PET containers are produced from virgin material supplied by resin and polyester polymer manufacturers. There is one major manufacturer in South Africa, Hosaf Fibres. Hosaf was launched in 2001 and is a successor company to the polyester operation started by Hoechst. Production of virgin resin and polymers is done in Jacobs, south of Durban. In addition, Hosaf operates a fibre production plant in Cape Town and a PET recycling plant in Johannesburg.
Polyester resin manufacturers create PET from mono-ethylene glycol (MEG) and purified terephthalic acid (PTA).

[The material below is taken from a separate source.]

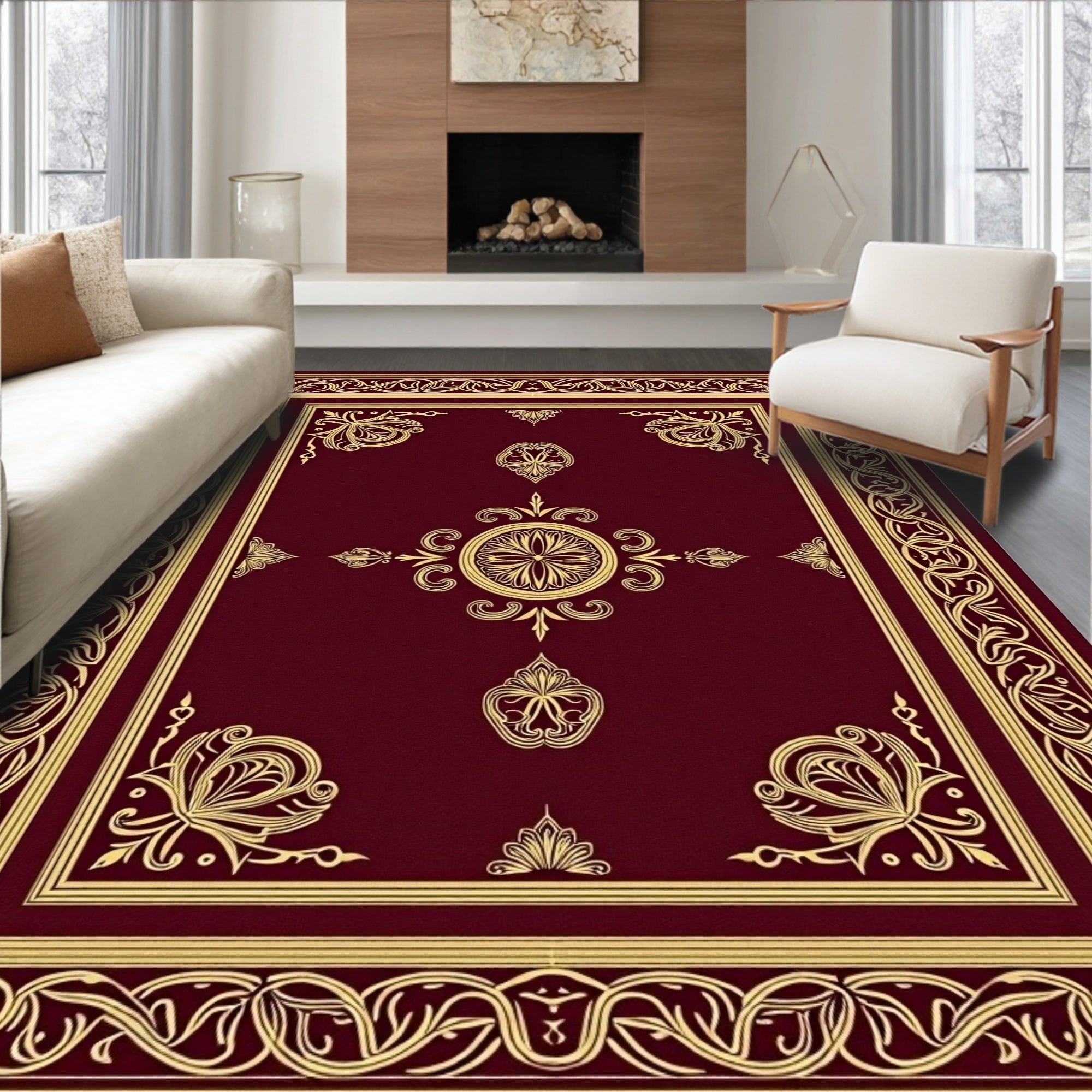 Vintage Wine Barrel Motif Area with Ornate Scrollwork Design(Maroon)

In common with all commodities used to make manmade fibres and plastics, MEG and PTA are derived from oil.
There are two key stages in PET manufacture: production of polymer chip in an amorphous state followed by solid state poly-condensation to raise its Intrinsic Viscosity (IV), thereby achieving the strength and resilience demanded in bottling applications.
The Jacobs operation comprises a continuous process (CP) plant – the only one in Africa – and two batch plants. The Jacobs CP plant was commissioned following Durban’s first full environmental impact study, an indication of the industry’s early adoption of sustainable environmental practice and willingness to engage local communities. Its production processes carry Federal Drug Administration (FDA) approval, a global quality benchmark in this field. Production quality also conforms to all relevant European Union directives as Hosaf complements production for South African customers with exports to overseas markets, primarily in Western Europe.
PET conversion has become a growth area for various companies, from small business to JSE-listed groups. Growth seems certain to continue as PET is being specified in an ever expanding range of bottling and packaging applications.
PET converters produce four principal types of product :
pre-forms (essentially, a bottle in embryo), single-stage bottles (pellet turned into a finished bottle in one process), two-stage bottles (pellet to pre-form which is then blown into a finished bottle) and multi-layer bottles (still relatively uncommon in South Africa, but essentially a bottle that makes use of different types of plastic). Converters may also make the closures (bottle tops) that ensure the integrity of a bottle’s contents.
The conversion process involves either stretch-blow moulding or injection-moulding.
Bottlers usually purchase pre-forms and then blow them into the finished bottle, before filling them up with the product that they manufacture.